__WHAT TO WORK ON__: Give back exactly the lines of the material below that start at the line containing "最后,研學隊伍來到北堤樞紐參" and end at the line containing "FuXing Shower Curtain", and no others.

:: MATERIAL PROVIDED

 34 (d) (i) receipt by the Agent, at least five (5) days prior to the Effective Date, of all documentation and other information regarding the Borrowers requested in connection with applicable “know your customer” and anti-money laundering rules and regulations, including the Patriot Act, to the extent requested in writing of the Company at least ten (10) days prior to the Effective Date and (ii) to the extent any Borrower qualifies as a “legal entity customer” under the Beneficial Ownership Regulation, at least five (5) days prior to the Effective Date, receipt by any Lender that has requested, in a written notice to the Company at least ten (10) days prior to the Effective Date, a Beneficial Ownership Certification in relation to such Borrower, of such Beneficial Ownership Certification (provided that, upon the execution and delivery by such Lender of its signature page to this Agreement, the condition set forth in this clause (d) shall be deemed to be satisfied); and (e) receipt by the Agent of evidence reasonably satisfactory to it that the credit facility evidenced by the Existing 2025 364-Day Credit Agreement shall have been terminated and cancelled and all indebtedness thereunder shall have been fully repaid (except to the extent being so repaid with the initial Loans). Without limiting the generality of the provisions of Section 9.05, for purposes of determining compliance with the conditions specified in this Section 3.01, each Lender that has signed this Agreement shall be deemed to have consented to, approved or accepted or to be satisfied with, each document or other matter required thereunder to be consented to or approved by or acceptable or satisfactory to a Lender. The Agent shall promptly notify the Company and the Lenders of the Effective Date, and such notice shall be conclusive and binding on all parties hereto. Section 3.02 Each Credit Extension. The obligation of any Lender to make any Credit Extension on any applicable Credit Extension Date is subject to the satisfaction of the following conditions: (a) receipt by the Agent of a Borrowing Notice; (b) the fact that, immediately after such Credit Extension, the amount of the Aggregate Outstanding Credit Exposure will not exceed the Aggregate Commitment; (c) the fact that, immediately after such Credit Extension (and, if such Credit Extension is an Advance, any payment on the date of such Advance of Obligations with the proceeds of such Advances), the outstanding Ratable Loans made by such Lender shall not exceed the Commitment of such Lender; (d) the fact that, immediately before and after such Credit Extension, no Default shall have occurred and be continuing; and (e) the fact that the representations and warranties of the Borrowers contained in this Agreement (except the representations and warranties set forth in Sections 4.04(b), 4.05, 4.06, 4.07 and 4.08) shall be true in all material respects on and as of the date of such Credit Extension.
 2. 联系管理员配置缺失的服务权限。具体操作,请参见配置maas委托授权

::::
:: MATERIAL PROVIDED

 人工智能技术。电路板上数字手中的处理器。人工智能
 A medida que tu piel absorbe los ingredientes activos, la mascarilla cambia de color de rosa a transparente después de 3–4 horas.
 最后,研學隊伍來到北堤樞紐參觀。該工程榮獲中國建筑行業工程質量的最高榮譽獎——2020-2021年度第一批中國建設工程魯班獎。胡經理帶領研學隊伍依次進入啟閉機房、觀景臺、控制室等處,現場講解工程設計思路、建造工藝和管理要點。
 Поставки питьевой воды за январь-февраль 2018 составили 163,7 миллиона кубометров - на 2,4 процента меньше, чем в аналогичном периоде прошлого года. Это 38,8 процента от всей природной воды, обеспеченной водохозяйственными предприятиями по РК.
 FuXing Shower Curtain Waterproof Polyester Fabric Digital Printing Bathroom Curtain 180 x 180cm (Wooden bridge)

::::

__REPLY TO THE TASK__:
 最后,研學隊伍來到北堤樞紐參觀。該工程榮獲中國建筑行業工程質量的最高榮譽獎——2020-2021年度第一批中國建設工程魯班獎。胡經理帶領研學隊伍依次進入啟閉機房、觀景臺、控制室等處,現場講解工程設計思路、建造工藝和管理要點。
 Поставки питьевой воды за январь-февраль 2018 составили 163,7 миллиона кубометров - на 2,4 процента меньше, чем в аналогичном периоде прошлого года. Это 38,8 процента от всей природной воды, обеспеченной водохозяйственными предприятиями по РК.
 FuXing Shower Curtain Waterproof Polyester Fabric Digital Printing Bathroom Curtain 180 x 180cm (Wooden bridge)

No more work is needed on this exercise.